Je suis soulagée de ne pas devoir décider parce que d'un côté, je trouve ce rassemblement juste, je dirais même élémentairement juste – mais d'un autre côté, je ne veux pas me retrouver en compagnie de gens qui vont crier « Mort aux Juifs », comme lors d'une récente manifestation parisienne, même si certains témoignages accusent les extrémistes de la Ligue de Défense Juive d'avoir « commencé » ou « provoqué » (mais merde, on n'est pas en cour de récré !) Je ne veux pas me retrouver, comme en janvier 2009, dans la même manif que des panneaux proclamant « Israël=nazis » ou « Gaza pire qu'Auschwitz ». Cela m'est insupportable (mais d'aucuns me diront, non sans raison, que le plus insupportable aujourd'hui sont les bombes sur la population de Gaza).

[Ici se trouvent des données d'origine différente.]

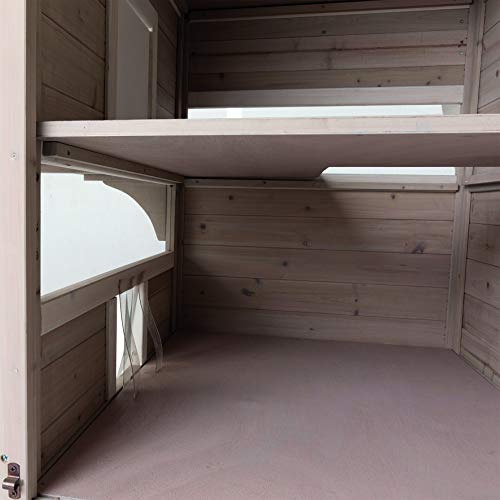 • WOODEN CONSTRUCTION: Get ready for the ultimate in indoor/outdoor cat houses! This 3-story house offers multiple doors and windows with metal latches, providing your cat with endless fun ways to play and hide
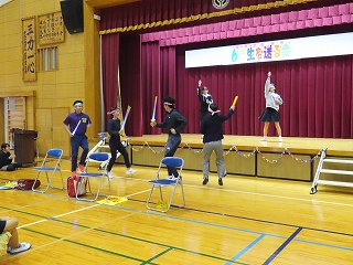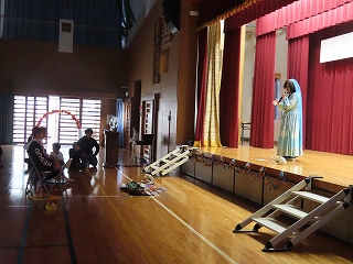 3.4年生からは、楽しい歌のダンスです。卒業生も舞台の上で踊りました!
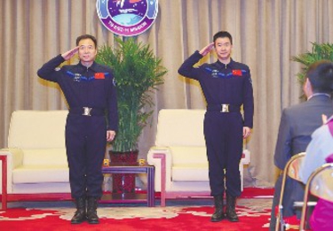| 12月7日,航天员景海鹏(左)、陈冬(右)在北京航天城航天员公寓与媒体见面。(新华社记者 琚振华 摄) |
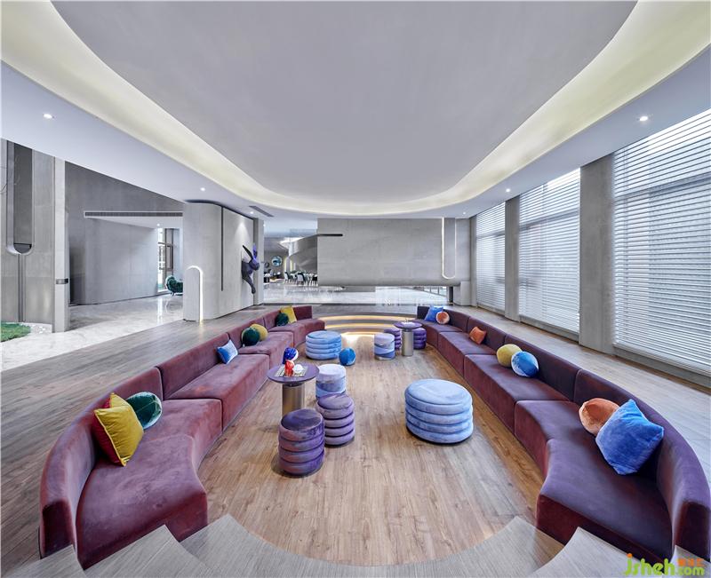 深度洽談區(qū)通過下沉式弧形區(qū)域分隔設(shè)計(jì),打造圍合與開放、私密與共享并存的平衡。墻面上的藝術(shù)畫”夢(mèng)境彩虹“像是神秘的圖形符號(hào),沖擊著視覺感官,深邃的引人一探究竟。突然一只兔子跳出來,來到愛麗絲的仙境!
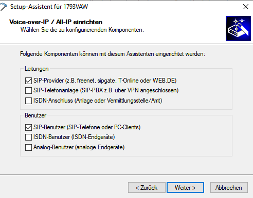 4. Dann gelangen Sie auf eine Seite, auf der die einzurichtenden Komponenten ausgewählt werden. Standardmäßig ist bei allen Punkten ein Haken gesetzt. Da wir in dieser Anleitung nur die Einrichtung von einem SIP-Provider und SIP-Telefonen durchführen, haben wir die anderen Punkte deaktiviert.
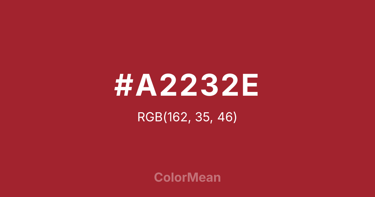 #A2232E RGB value is (162, 35, 46). The hex color red value is 162, green is 35, and blue is 46. Its HSL format shows a hue of 355°, saturation of 64 percent, and lightness of 39 percent. The CMYK process values are 0 percent, 78 percent, 72 percent, 36 percent.
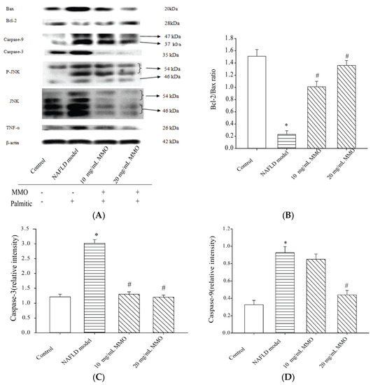 The above findings indicated that MMO alleviated cell death by suppressing apoptosis and alleviating oxidative stress in the NAFLD model cells. To determine whether the protective effects of MMO in the NAFLD model cells were associated with the cell death-related pathways leading to the recovery of normal hepatic function, we measured the expression of Bax and Bcl-2, JNK phosphorylation, caspase-3, caspase-9, and TNF-α activity. Bax expression (Figure 7A,B), JNK, and P-JNK (Figure 7A,C), TNF-α, caspase-9, and caspase-3 activity (Figure 7D) were enhanced in the NAFLD model cells, and Bcl-2 expression was decreased compared with the control cells. Current evidence suggests that JNK is activated and induces apoptosis in NAFLD model cells, which is relieved by MMO treatment. JNK activation induces mitochondrial dysfunction and apoptosis [29]. Cell apoptotic signaling is thought to be induced by oxidative stress [30]. Oxidative stress activates JNK signaling, which in turn induces apoptosis via Bax [30]. Apoptotic stimuli promote the translocation of mitochondrial Bax, which is a pro-apoptotic Bcl-2 family of proteins that decreases the mitochondrial membrane potential (MMP) and promotes the generation of ROS [31]. Apoptotic signaling is activated when Bax migrates to the mitochondrial surface [32], promotes cyt-c and AIF release from the mitochondria to the cytosol [33], cleaves procaspase-9 to caspase-9, and activates caspase-3 to promote cell death [34]. The present study demonstrated that the protective effects of MMO on NAFLD model cells may be due to the inhibition of pro-apoptotic pathway activation; antioxidant activity to decrease ROS, matrix metalloprotease, and TNF-α formation; and decreased JNK pathway activation.

Oh, je sais, mes « hésitations » ne changeront rien au sort dramatique du peuple palestinien, elles me vaudront juste l'accusation de « traîtrise » ou de « haine de soi » de quelques contacts juifs et celle de « ne m'arrêter à rien pour disculper Israël » (selon les termes d'un contact Facebook qui vient de se désabonner de mon fil en annonçant ainsi son irritation). Je sais qu'il y a des circonstances où, entre l'oppresseur et l'opprimé, « il faut chosir son camp ». Mais je déteste cette idée, car une fois qu'on l'a choisi, c'est comme si on décidait d'être aveugle et sourd à tout ce qui vient d'en face. Quelques belles illustrations dans cet article de Rue 89.

 

Faut-il donc, pour "choisir son camp", s'extasier sur la pseudo humanité de cette armée qui "prévient" qu'elle va raser votre maison, briser votre vie, et si vous ne vous mettez pas assez vite à l'abri, vous accuser de "jouer le bouclier humain" ? Mais, pour choisir le "camp d'en face", faut-il accepter ces théories complotistes qui attribuent aux "sionistes" tous les malheurs de la terre, ce qui permet de mélanger allègrement images des massacres en Syrie et de bombardements à Gaza, puisque les "responsables" seraient en fait les mêmes, suivez mon regard ! Peut-on tolérer cet antisémitisme virulent qui se dissimule derrière les larges épaules de l'anitsionisme - et attention, je ne dis pas que tout antisionisme est antisémite, mais il y a en a qui en profitent bien !  Pas question non plus de garder une sorte d'équidistance confortable ; je sais que la force est surtout d'un côté et les morts de l'autre. Et que les périodes "sans violence" sont en fait celles du blocus et de l'humiliation (1). Mais cela ne peut tout jusitifer, et le pire est là aussi, dans ce fameux "camp d'en face".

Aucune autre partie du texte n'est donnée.